EXERCISE DETAILS: Take the material below and restate it word for word, stopping after the line in which "Adorable sitting rabbit" occurs.

SOURCE DATA:

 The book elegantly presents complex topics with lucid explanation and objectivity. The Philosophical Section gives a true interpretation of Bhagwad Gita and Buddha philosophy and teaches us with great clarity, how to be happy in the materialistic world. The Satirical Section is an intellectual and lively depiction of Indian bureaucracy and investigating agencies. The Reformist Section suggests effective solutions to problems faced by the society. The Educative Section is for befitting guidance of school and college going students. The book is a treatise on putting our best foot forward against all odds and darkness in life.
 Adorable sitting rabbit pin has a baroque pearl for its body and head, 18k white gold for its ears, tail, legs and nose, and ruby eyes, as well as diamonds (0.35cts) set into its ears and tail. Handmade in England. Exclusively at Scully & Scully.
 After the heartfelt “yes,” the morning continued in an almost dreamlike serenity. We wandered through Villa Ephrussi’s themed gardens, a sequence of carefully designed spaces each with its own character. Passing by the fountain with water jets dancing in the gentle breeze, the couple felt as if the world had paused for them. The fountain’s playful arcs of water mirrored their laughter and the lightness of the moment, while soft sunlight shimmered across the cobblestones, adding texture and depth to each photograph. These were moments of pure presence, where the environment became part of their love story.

TASK ANSWER:
 The book elegantly presents complex topics with lucid explanation and objectivity. The Philosophical Section gives a true interpretation of Bhagwad Gita and Buddha philosophy and teaches us with great clarity, how to be happy in the materialistic world. The Satirical Section is an intellectual and lively depiction of Indian bureaucracy and investigating agencies. The Reformist Section suggests effective solutions to problems faced by the society. The Educative Section is for befitting guidance of school and college going students. The book is a treatise on putting our best foot forward against all odds and darkness in life.
 Adorable sitting rabbit pin has a baroque pearl for its body and head, 18k white gold for its ears, tail, legs and nose, and ruby eyes, as well as diamonds (0.35cts) set into its ears and tail. Handmade in England. Exclusively at Scully & Scully.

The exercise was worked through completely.